### YOUR INSTRUCTIONS
What you return must be the lines from the first one below through the one containing "This rolled poster", exactly and with pictures excluded.

### DATA UNDER STUDY
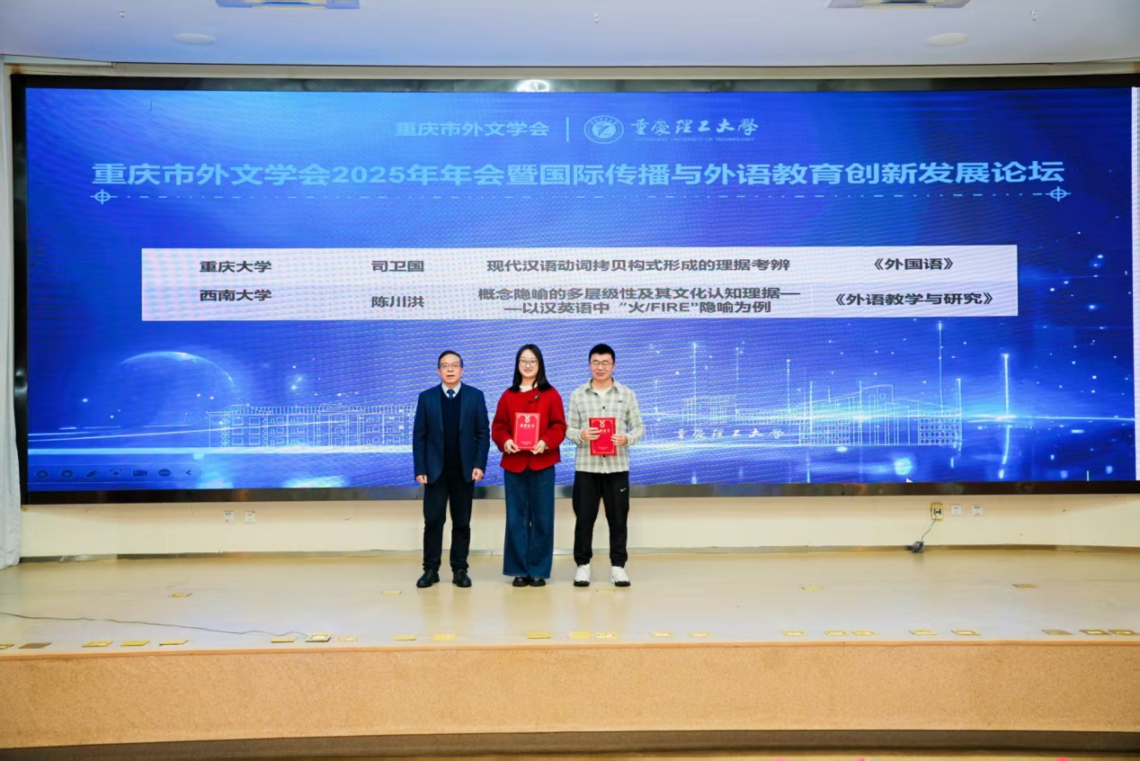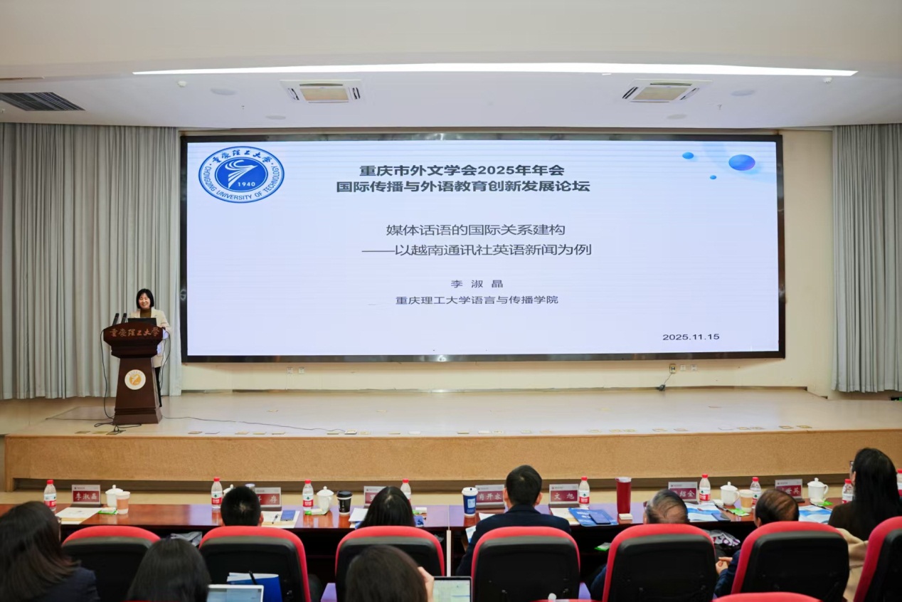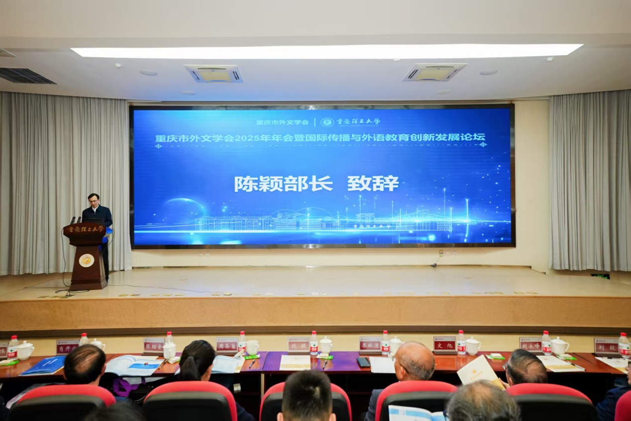 2025年11月14日至15日,重庆市外文学会2025年年会暨国际传播与外语教育创新发展论坛在重庆理工大学顺利举行。本次会议由重庆市外文学会主办,重庆理工大学语言与传播学院承办,并得到重庆市社会科学界联合会指导,重庆理工大学科学技术研究院支持,外语教学与研究出版社、上海外语教育出版社、重庆博教科技股份有限公司等单位协办。来自多所高校的外语教育专家、学会会员及企业代表等200余人齐聚一堂,围绕“国际传播与外语教育创新发展”主题,共同探讨外语教育改革与人才培养新路径。
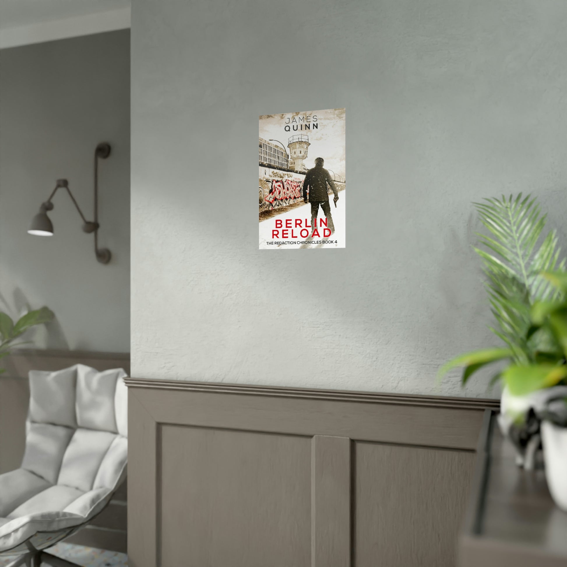 This rolled poster is based on the cover art of James Quinn's book, Berlin Reload. Choose between fine-art (310gsm) or semi-gloss paper (260gsm). The fine art paper is equivalent to traditional watercolor or etching paper, and has a soft textured surface and archival quality. The semi-glossy paper is a bright white photo paper with a satin finish, and offers full sharp color fidelity.
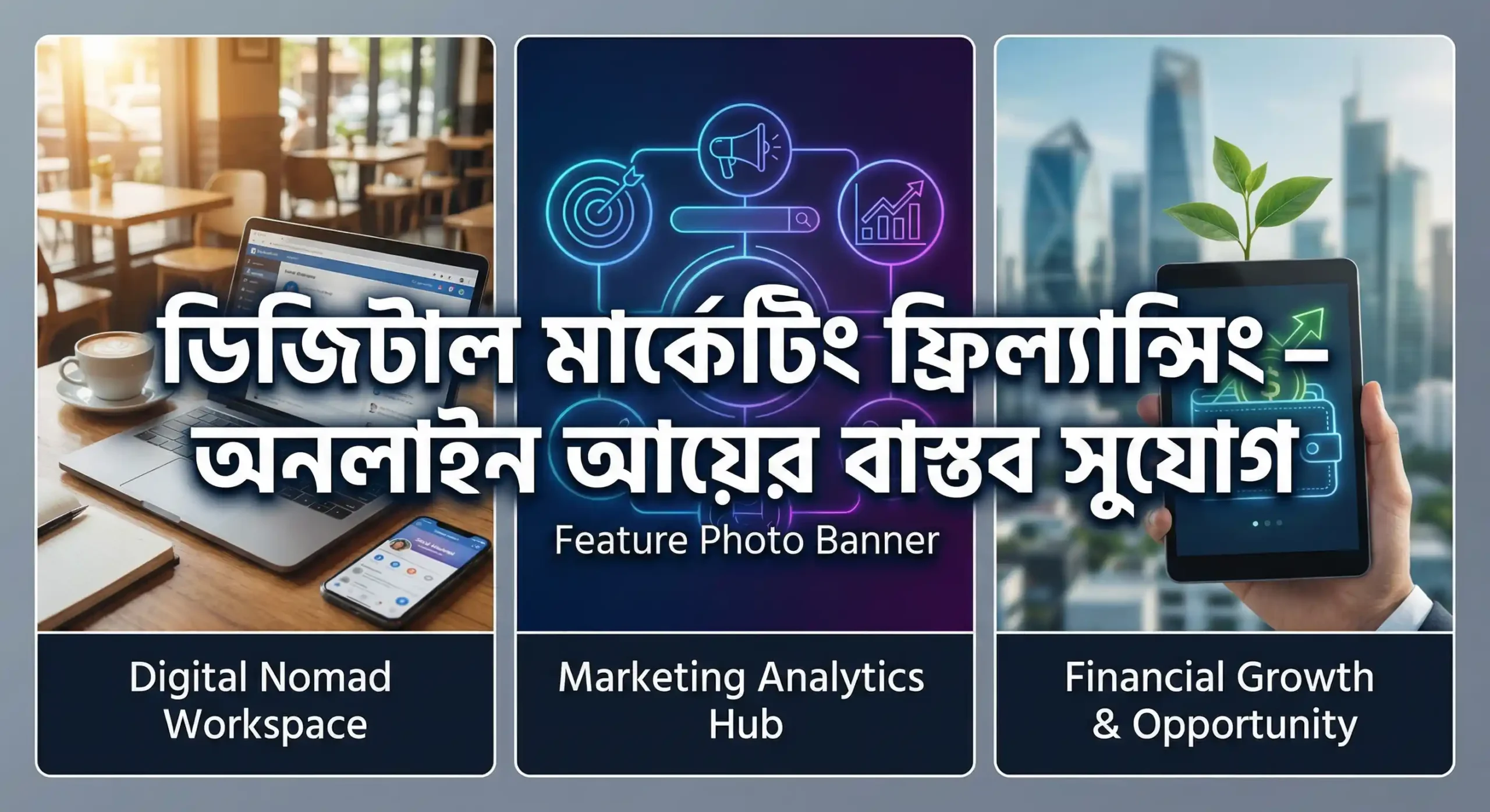 ডিজিটাল মার্কেটিং ফ্রিল্যান্সিং বর্তমান সময়ে অনলাইন আয়ের সবচেয়ে বাস্তব ও কার্যকর একটি মাধ্যম হিসেবে পরিচিত। ডিজিটাল মার্কেটিং ফ্রিল্যান্সিং শুধু ঘরে বসে কাজ করার সুযোগই দেয় না, বরং সঠিক দক্ষতা থাকলে আন্তর্জাতিক ক্লায়েন্টের সঙ্গে কাজ করে নিয়মিত আয় করার পথও তৈরি করে। অনেকেই জানতে চান, এই সেক্টরে আসলে কী ধরনের কাজ থাকে, শুরু করতে কী জানা দরকার, আর ভবিষ্যতে এই কাজ কতটা টেকসই। এই আর্টিকেলটি পড়লে ডিজিটাল মার্কেটিং সম্পর্কিত সেই সব প্রশ্নের বাস্তব ও আপডেটেড উত্তর আপনি এক জায়গায় পাবেন।
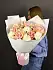 Нежный Букет живых цветов из белых диантусов и розовых роз в упаковке
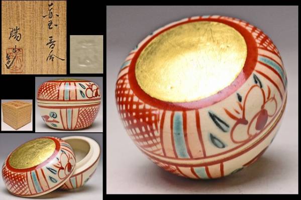 - 加賀瑞山 ★ 萬古焼 ★ 赤玉香合 ★ 共箱 ★ 検 加賀月華 桑名 万古 茶道具 ★
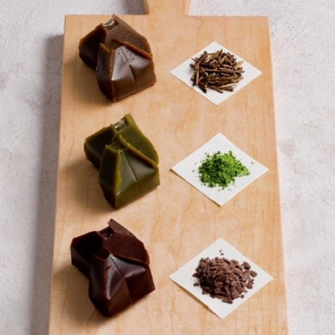 ビターチョコ、抹茶、加賀棒茶の3つの風味で、日本茶にもコーヒーにもピッタリです。
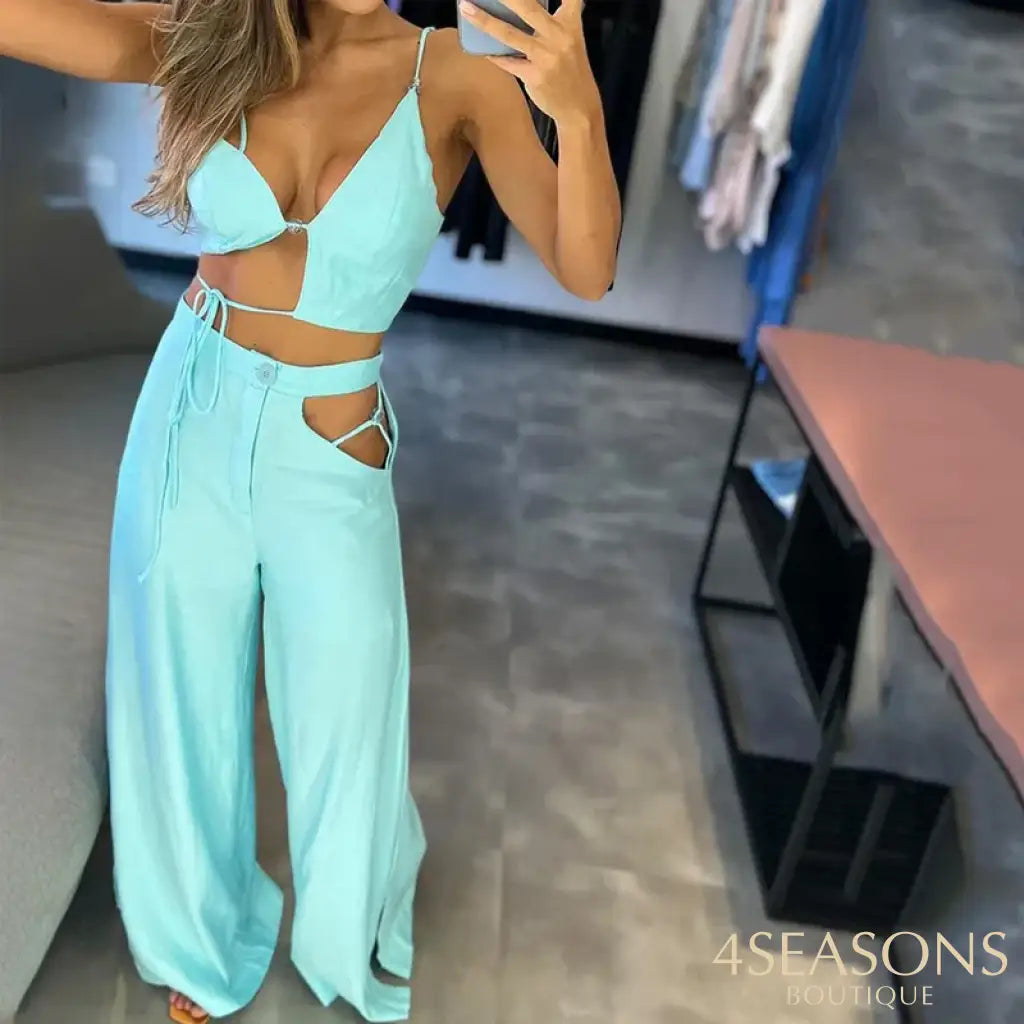 - Detalhe : Calça pantalona com bolsos e detalhe no cós, cropped com botões de fechamento nas costas, gola V e alça regulável
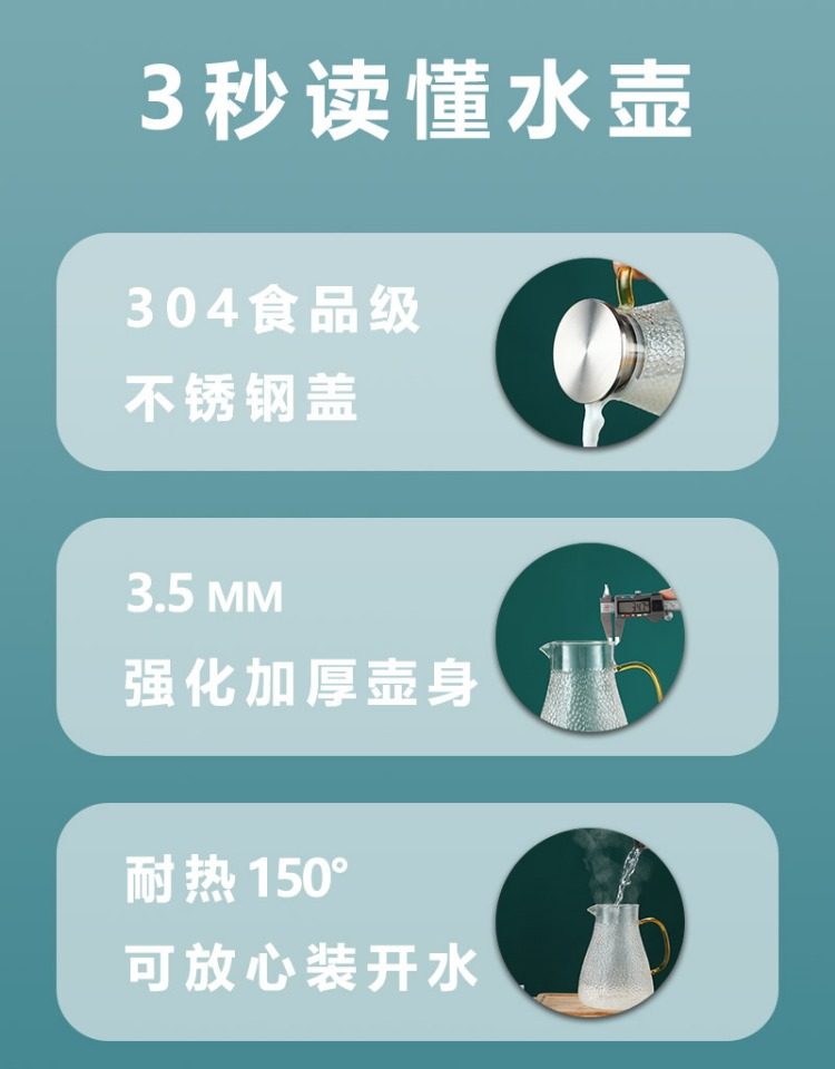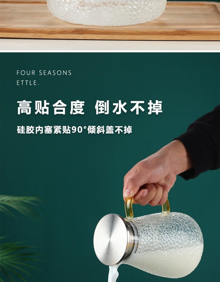 JW冷水壶玻璃轻奢凉水杯家用防摔锤纹耐高温茶壶大容量凉水壶套装스토어 가기

### WRITTEN ANSWER
 2025年11月14日至15日,重庆市外文学会2025年年会暨国际传播与外语教育创新发展论坛在重庆理工大学顺利举行。本次会议由重庆市外文学会主办,重庆理工大学语言与传播学院承办,并得到重庆市社会科学界联合会指导,重庆理工大学科学技术研究院支持,外语教学与研究出版社、上海外语教育出版社、重庆博教科技股份有限公司等单位协办。来自多所高校的外语教育专家、学会会员及企业代表等200余人齐聚一堂,围绕“国际传播与外语教育创新发展”主题,共同探讨外语教育改革与人才培养新路径。
 This rolled poster is based on the cover art of James Quinn's book, Berlin Reload. Choose between fine-art (310gsm) or semi-gloss paper (260gsm). The fine art paper is equivalent to traditional watercolor or etching paper, and has a soft textured surface and archival quality. The semi-glossy paper is a bright white photo paper with a satin finish, and offers full sharp color fidelity.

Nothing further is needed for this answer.